Where you'll Study Exton Park, Chester

Fees and Funding

£9,250 per year (2024/25)

Our full-time undergraduate tuition fees for Home students entering University in 2024/25 are £9,250 a year, or £1,540 per 20-credit module for part-time study.

The University may increase these fees at the start of each subsequent year of your course in line with inflation at that time, as measured by the Retail Price Index. These fee levels and increases are subject to any necessary government, and other regulatory, approvals.

Students from the UK, Isle of Man, Guernsey, Jersey and the Republic of Ireland are treated as Home students for tuition fee purposes.

Students from countries in the European Economic Area and the EU starting in or after the 2021/22 academic year will pay International Tuition Fees.

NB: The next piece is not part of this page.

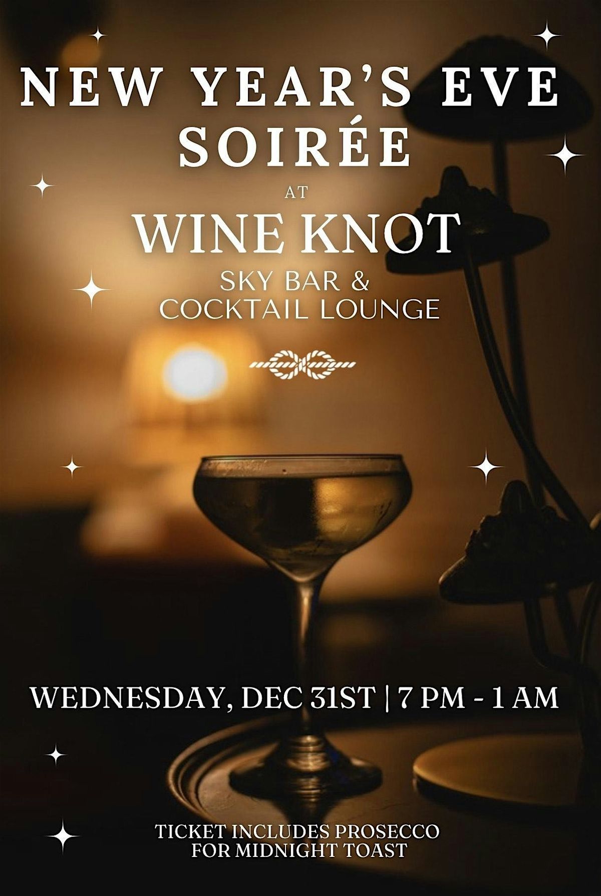 **New Year's Eve Soiree** at Wine Knot Sky Bar & Cocktail Lounge! Get ready to ring in the new year in style at our cozy cocktail lounge. Join us on **Wednesday, December 31, 2024** from 7:00 PM to 1:00 AM for a night of celebration and fun. Enjoy panoramic views of downtown Wilmington as you sip on delicious cocktails. Don't miss out on the hottest party in town! See you there!

Students who have been granted Settled Status may be eligible for Home Fee Status and if eligible will be able to apply for Tuition Fee Loans and Maintenance Loans.

Students who have been granted Pre-settled Status may be eligible for Home Fee Status and if eligible will be able to apply for Tuition Fee Loans.

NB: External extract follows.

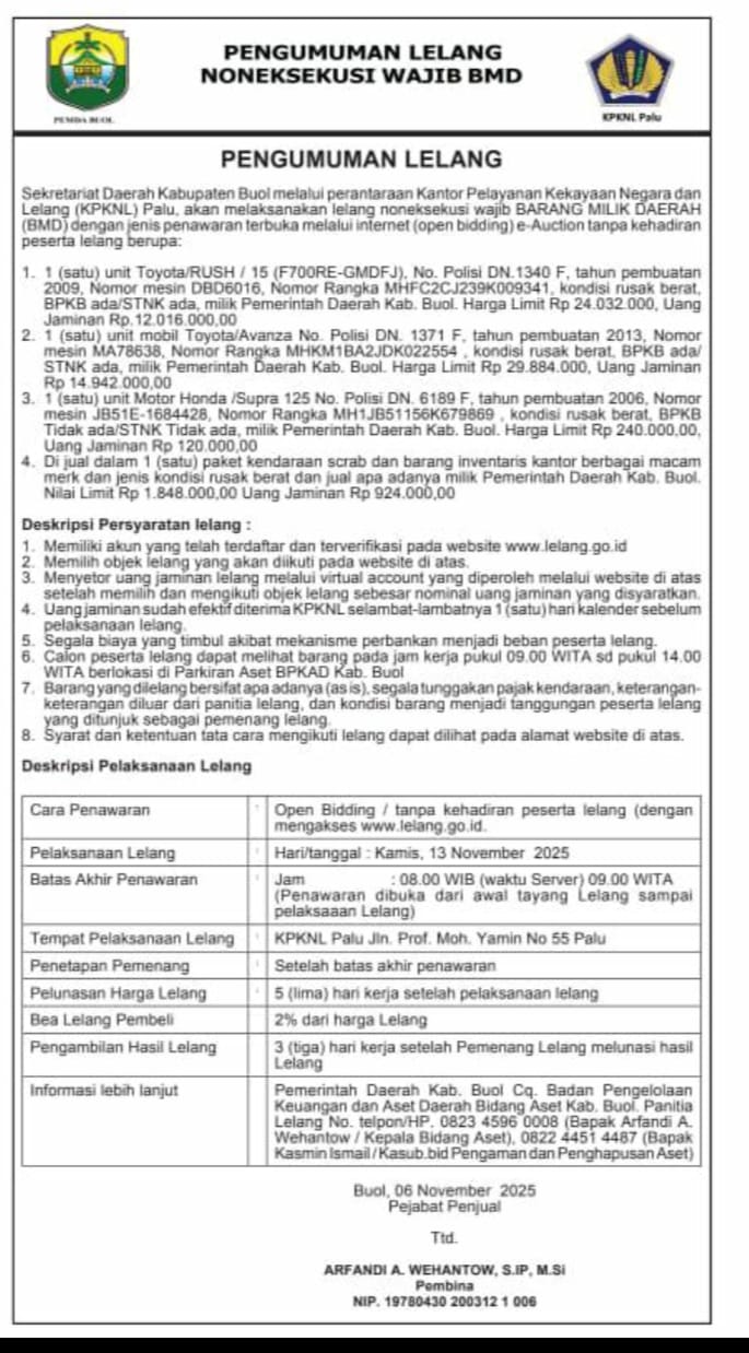 Buol, Tinombala.Com// Pemerintah Kabupaten Buol melalui Badan Pengelola Keuangan dan Aset Daerah (BPKAD) menyelenggarakan lelang barang milik daerah secara terbuka dan transparan pada bulan November 2025. Berikut beberapa hal yang perlu diperhatikan terkait lelang ini.

Irish Nationals living in the UK or Republic of Ireland are treated as Home students for Tuition Fee Purposes.

£13,950 per year (2024/25)

The tuition fees for international students studying Undergraduate programmes in 2024/25 are £13,950. 

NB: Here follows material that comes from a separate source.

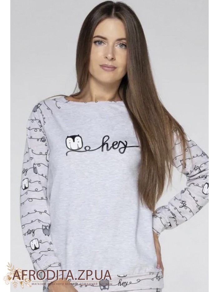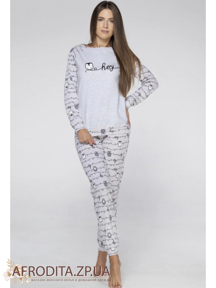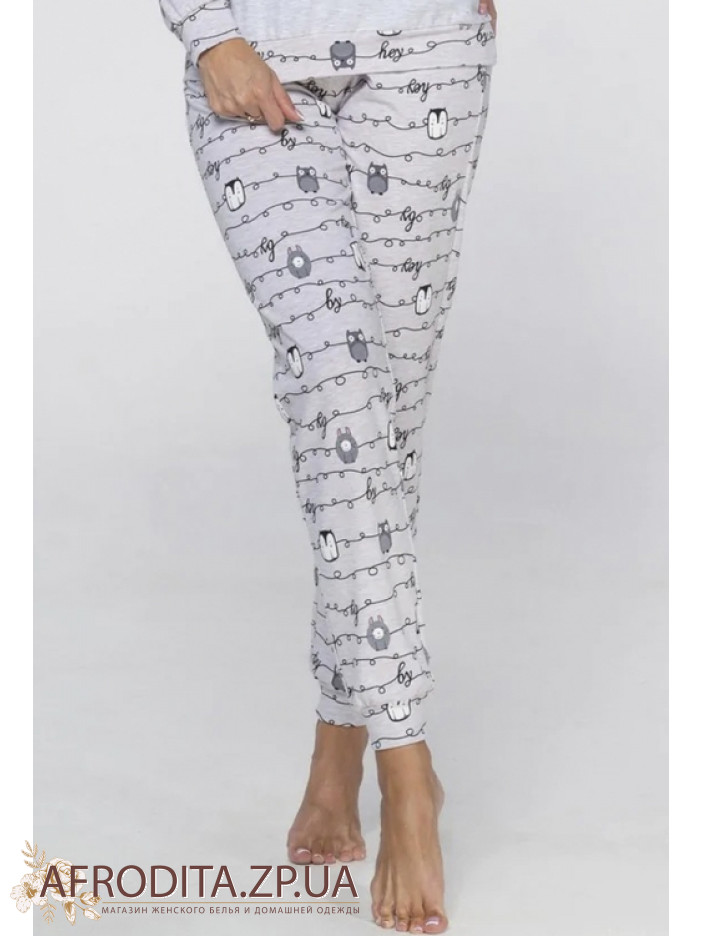 Женская пижама со штанами Wiktoria 1324 из мягкого и очень приятного к телу хлопка. В комплект входит джемпер серого цвета с длинными рукавами и округлым вырезом горловины и штанов прямого кроя на резинке.

This fee is set for each year of study. All undergraduate students are eligible for international and merit-based scholarships which are applicable to each year of study.  

For more information, go to our International Fees, Scholarship and Finance section.

Irish Nationals living in the UK or ROI are treated as Home students for Tuition Fee Purposes.

Your course will involve additional costs not covered by your tuition fees. This may include books, printing, photocopying, educational stationery and related materials, specialist clothing, travel to placements, optional field trips and software. Compulsory field trips are covered by your tuition fees.

If you are living away from home during your time at university, you will need to cover costs such as accommodation, food, travel and bills.

Course specific additional costs

You may choose to purchase professional body accreditations or subscriptions. Such costs are not compulsory. As a guide, in 2018/19, BCS membership cost £37 per year or £57 for the full course duration.

The University of Chester supports fair access for students who may need additional support through a range of bursaries and scholarships. 

Full details, as well as terms and conditions for all bursaries and scholarships can be found on the Fees & Finance section of our website.

Your Future Career

Job Prospects

Graduates of this course can expect to enter a range of graduate-level careers, including becoming a software developer, software test engineer, systems administrator, project manager, UX developer, product manager or data analyst. 

Careers service

The University has an award-winning Careers and Employability service which provides a variety of employability-enhancing experiences; through the curriculum, through employer contact, tailored group sessions, individual information, advice and guidance.

Careers and Employability aims to deliver a service which is inclusive, impartial, welcoming, informed and tailored to your personal goals and aspirations, to enable you to develop as an individual and contribute to the business and community in which you will live and work.

We are here to help you plan your future, make the most of your time at University and to enhance your employability. We provide access to part-time jobs, extra-curricular employability-enhancing workshops and offer practical one-to-one help with career planning, including help with CVs, applications and mock interviews. We also deliver group sessions on career planning within each course and we have a wide range of extensive information covering graduate jobs and postgraduate study.